Excerpts from a dataset:
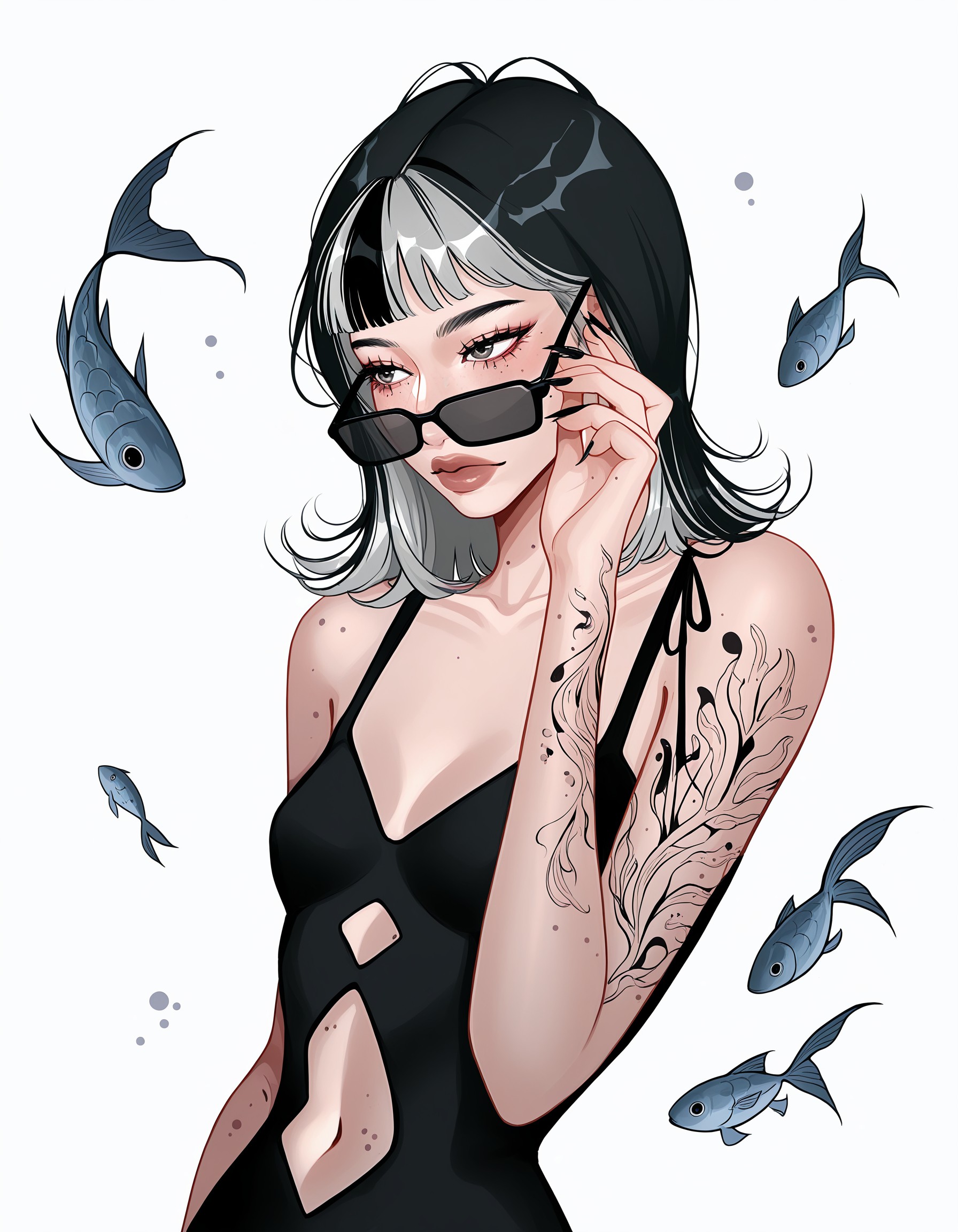 lips, red lips, multicolored hair, freckles, choker, collarbone, cleavage, nail polish, mole under eye, blunt bangs, ring, k-pop, grey hair, dress, portrait
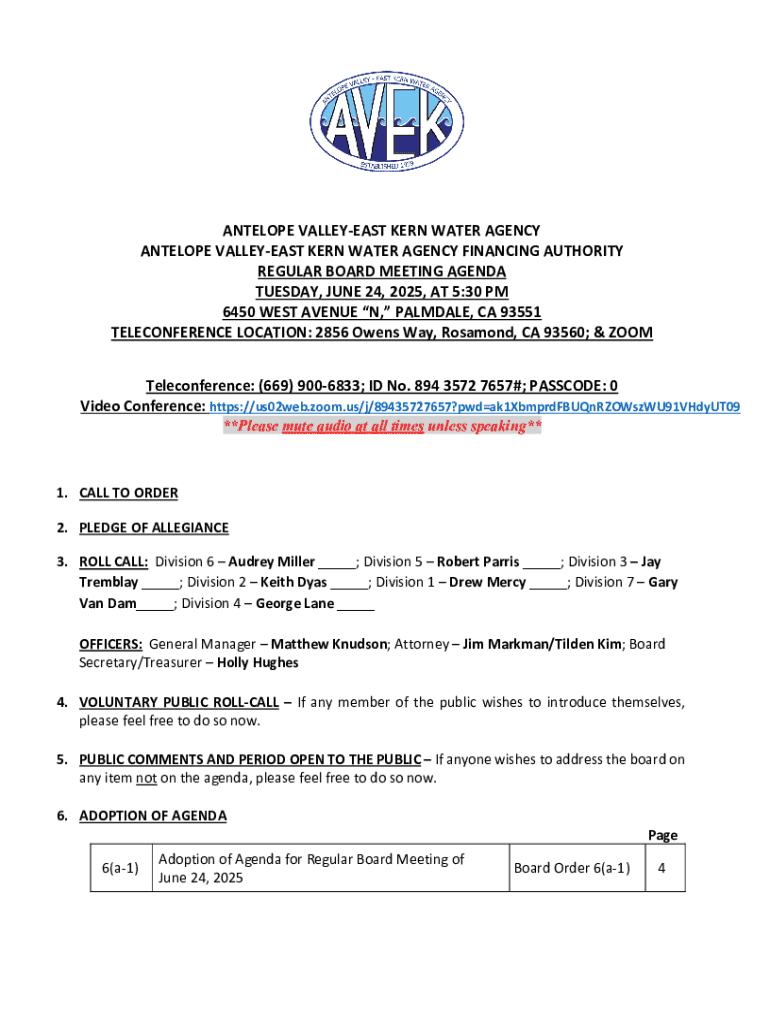 Get the free Antelope Valley-east Kern Water Agency Regular Board Meeting Agenda
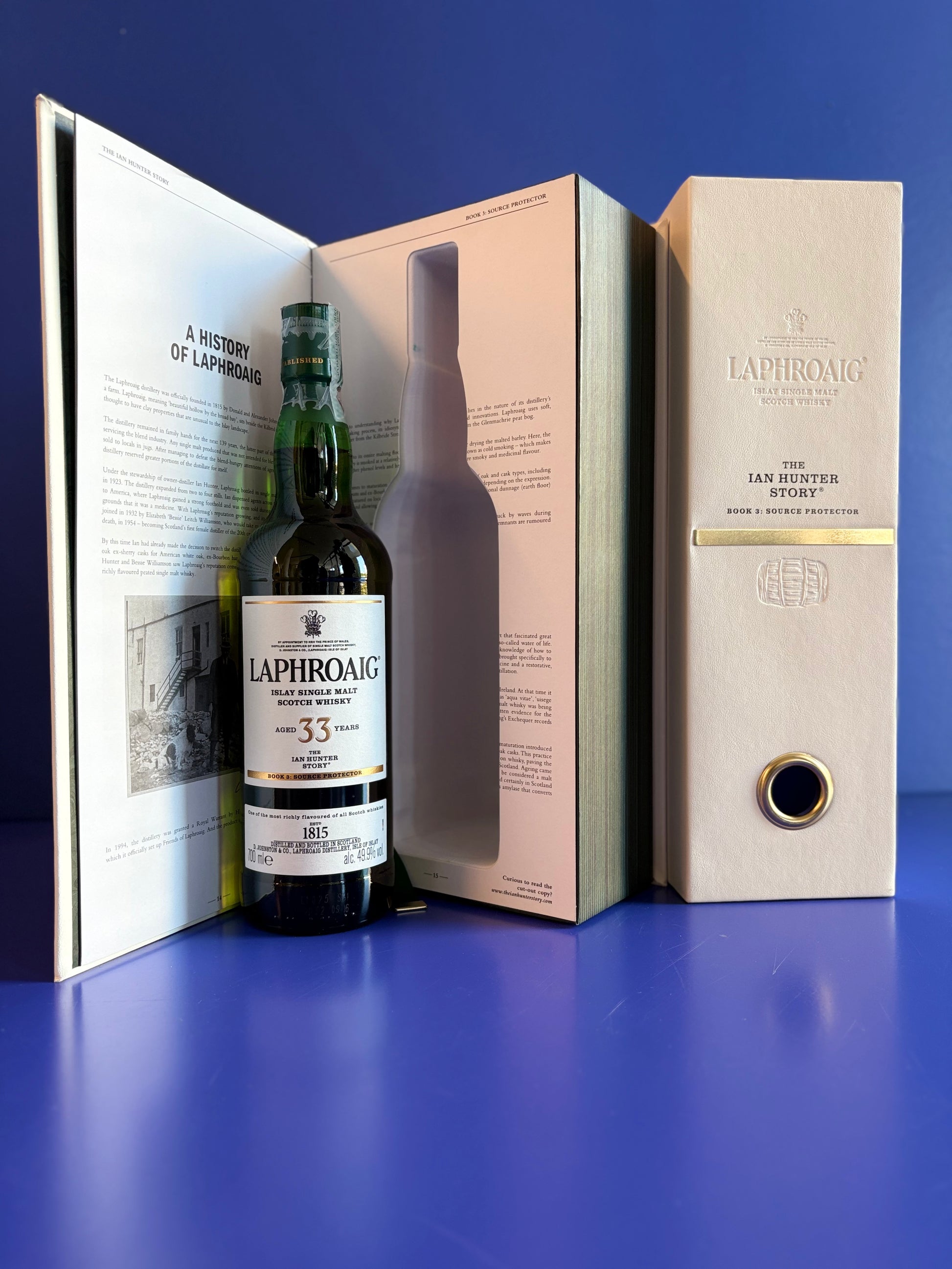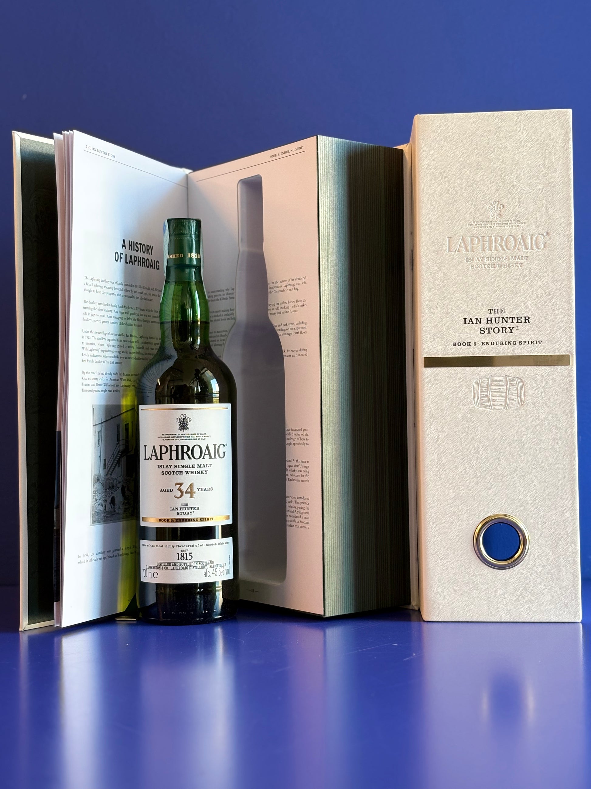 Single malt invecchiato 34 anni in botti di quercia bianca americana e affinato in botty ex Sherry Oloroso, prodotto con orzo maltato in casa nel pavimento di maltaggio della distilleria. Celebra Ian Hunter in qualità di Malt Master, onorando la sua eredità di fondatore dei piani di maltazione, ancora oggi di grande impatto sul gusto di Laphroaig.
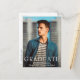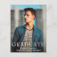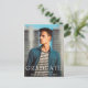 Modern boy graduation announcement postcard featuring a simple and masculine design with "Graduate" in large bold typography along with the graduate's name, year and school name over your favourite full bleed vertical photo. The backside has your personal message / party invitation and return address in a navy blue over a white background.
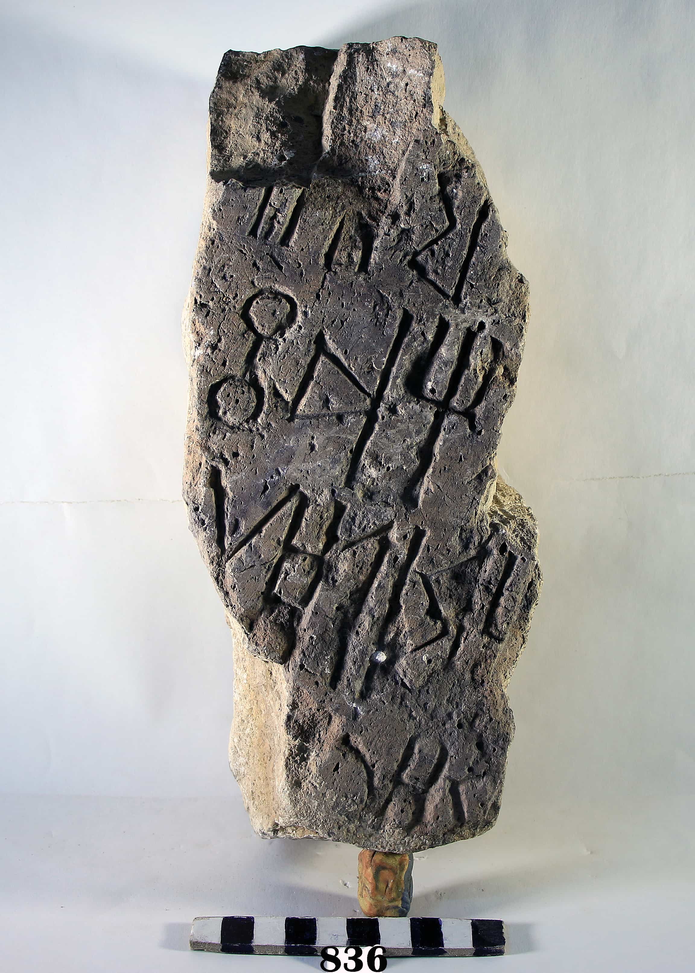 قطعه على واجهتها كتابه بخط المسند مكون من سته اسطر
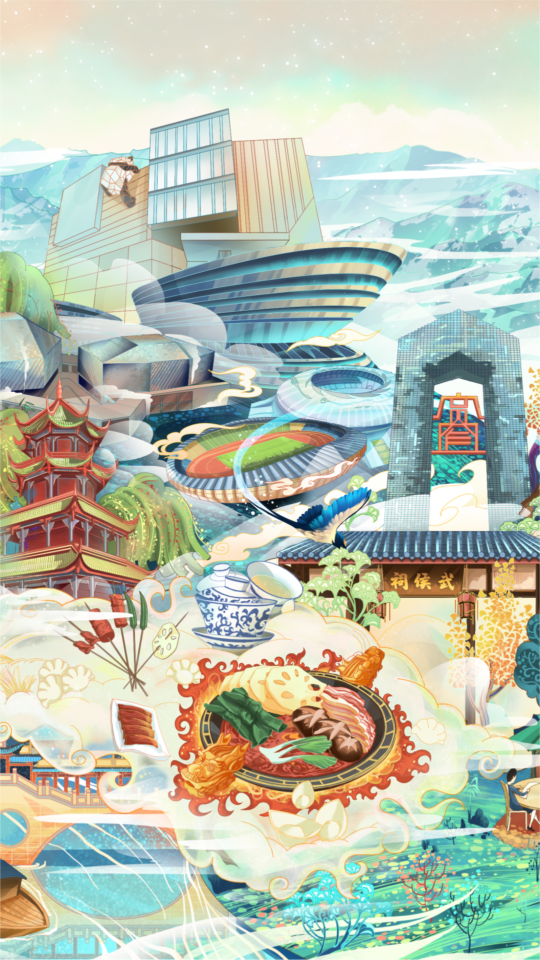 从古到今,从古蜀文明到城市文化、生活美学,借以大熊猫的视角,跨越地域、语言的软性表达,美出新高度。
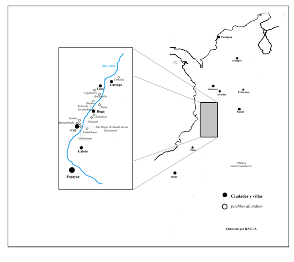 Se escogieron los pueblos con algún grado de homogeneidad de orígenes étnicos: Cerritos en la ciudad de Cartago (de origen quimbaya), Roldanillo y Riofrío (de origen gorrón) (Friede 1978; Trimborn 2005 [1949]), Yumbo (de las cercanas regiones de los Digua y Yumbillo, junto a otros migrantes),1 Arroyohondo (de Bitaco),2 y Candelaria de Caloto (posiblemente de indios guales).3 La elección de los anteriores pueblos se debe a que se evidenciaron caciques hereditarios que alegaron orígenes tradicionales y representaron rastros discontinuos de etnicidades diferenciadas. El origen patrimonial de su autoridad subsistió a pesar de los procesos de cambio iniciados en el siglo XVI y permite entender la persistencia de etnicidades dinámicas en el uso de categorías sociales y jurídicas. Se escogió el periodo de la segunda mitad de la Colonia para ubicar los antecedentes y consecuencias de un cambio que se vivió principalmente entre 1730 y 1760, y que coincidió parcialmente con las migraciones de indios forasteros en el segundo ciclo minero reseñado por German Colmenares (1997).
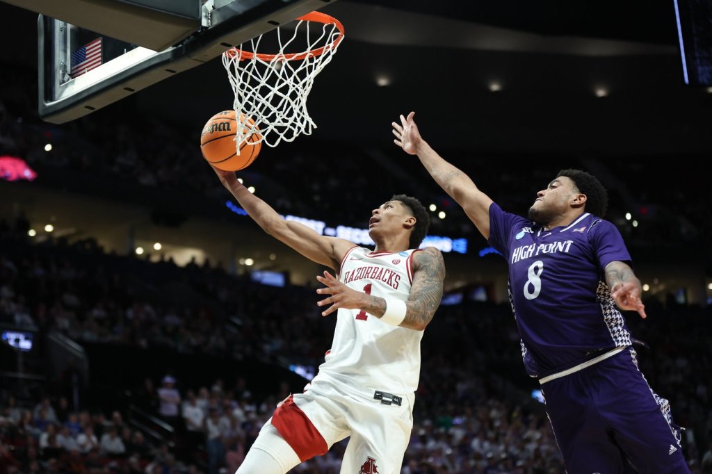 Against Arizona, the Razorbacks will face another high-scoring freshman duo in Brayden Burries and Koa Peat. Arizona beat No. 9 seed Utah State 78-66 on Sunday to advance.
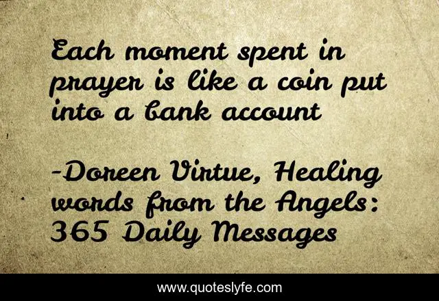 This page presents the quote "Each moment spent in prayer is like a coin put into a bank account". Author of this quote is Doreen Virtue, Healing words from the Angels: 365 Daily Messages. This quote is about angels, prayer,.
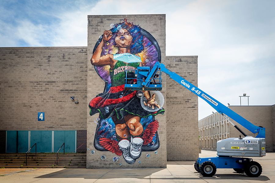 “Growing up during the golden age of hip-hop, I spent a lot of time venturing between the Lenox Street apartments and the Orchard Park projects of Roxbury,” says Gibbs. “I came across graffiti, which was often labeled as vandalism. To me, it was clear that graffiti was an art form that had the power to convey culture, history, and knowledge. It became my mission to transform Boston’s streets with graffiti art — an art form that is frequently criminalized, undervalued, and misrepresented in mainstream culture. I hope to continue to find new ways to innovate my craft and to mentor others in the art form that changed my life.”
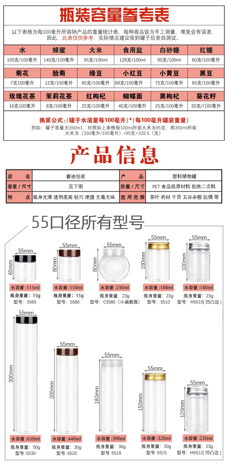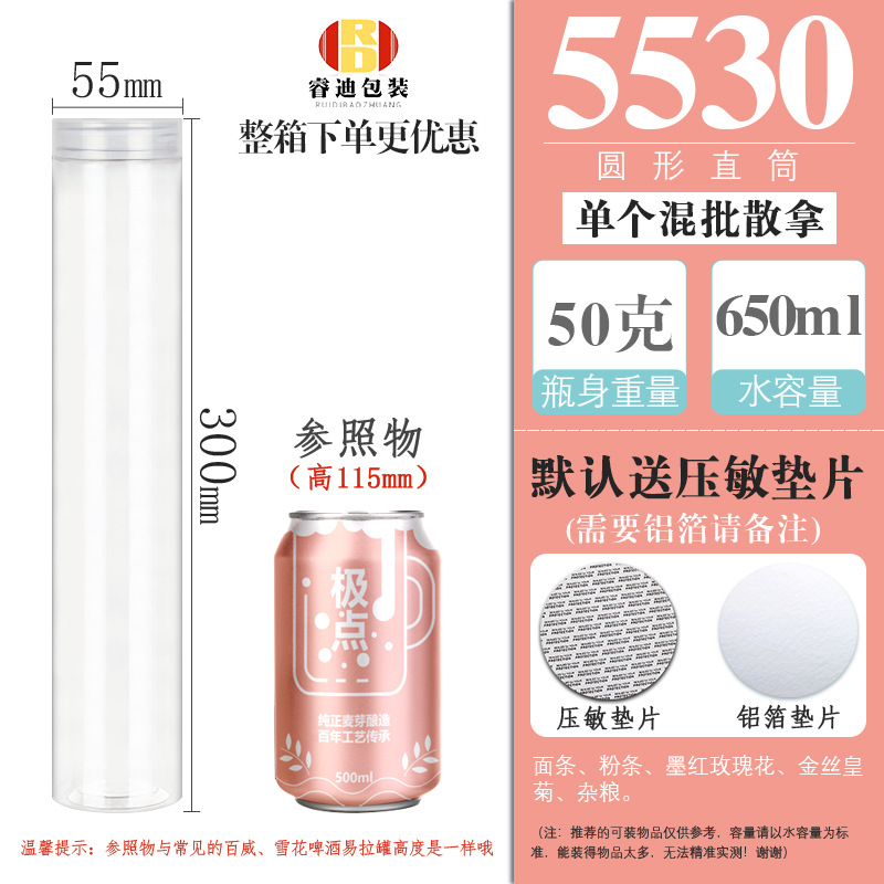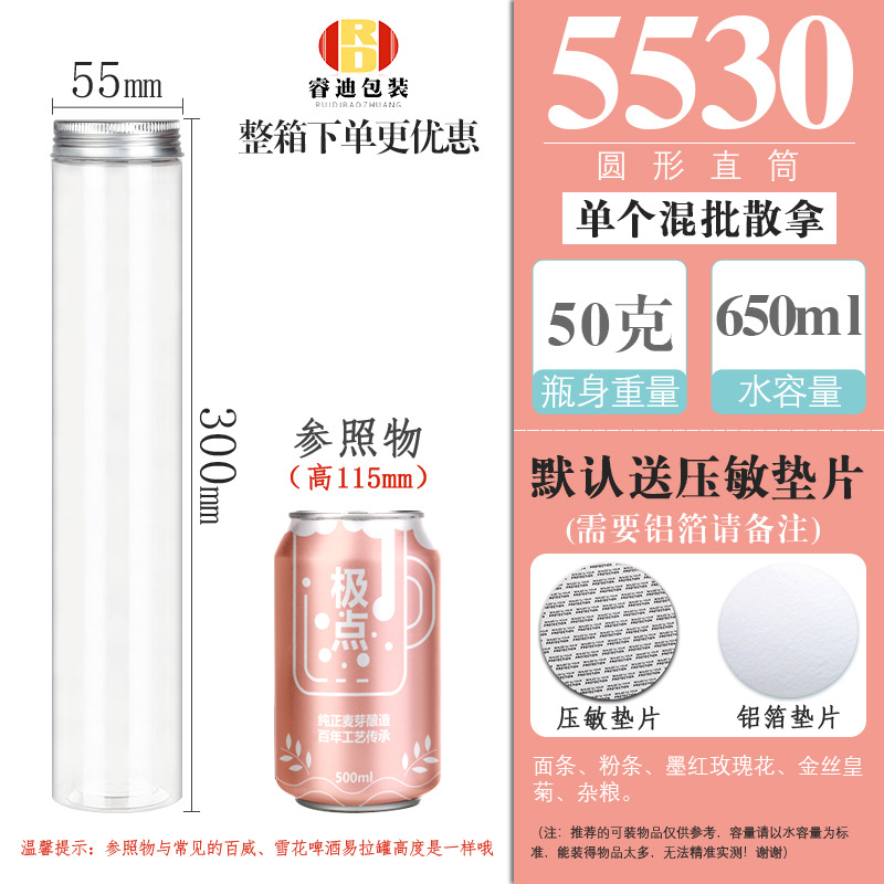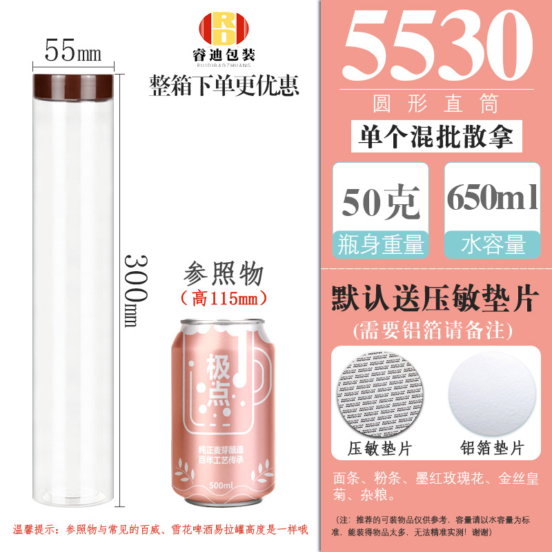 5.5cm * 30cm 애완 동물 플라스틱 병 날씬한 국수 봉인 항아리 국화 wolfberry cassia 투명 항아리

> [Action item]: Repeat each line word for word, from the one with "Against Arizona, the" down to the last line of the data, and keep the pictures out of it.

> [Output of the task]:
 Against Arizona, the Razorbacks will face another high-scoring freshman duo in Brayden Burries and Koa Peat. Arizona beat No. 9 seed Utah State 78-66 on Sunday to advance.
 This page presents the quote "Each moment spent in prayer is like a coin put into a bank account". Author of this quote is Doreen Virtue, Healing words from the Angels: 365 Daily Messages. This quote is about angels, prayer,.
 “Growing up during the golden age of hip-hop, I spent a lot of time venturing between the Lenox Street apartments and the Orchard Park projects of Roxbury,” says Gibbs. “I came across graffiti, which was often labeled as vandalism. To me, it was clear that graffiti was an art form that had the power to convey culture, history, and knowledge. It became my mission to transform Boston’s streets with graffiti art — an art form that is frequently criminalized, undervalued, and misrepresented in mainstream culture. I hope to continue to find new ways to innovate my craft and to mentor others in the art form that changed my life.”
 5.5cm * 30cm 애완 동물 플라스틱 병 날씬한 국수 봉인 항아리 국화 wolfberry cassia 투명 항아리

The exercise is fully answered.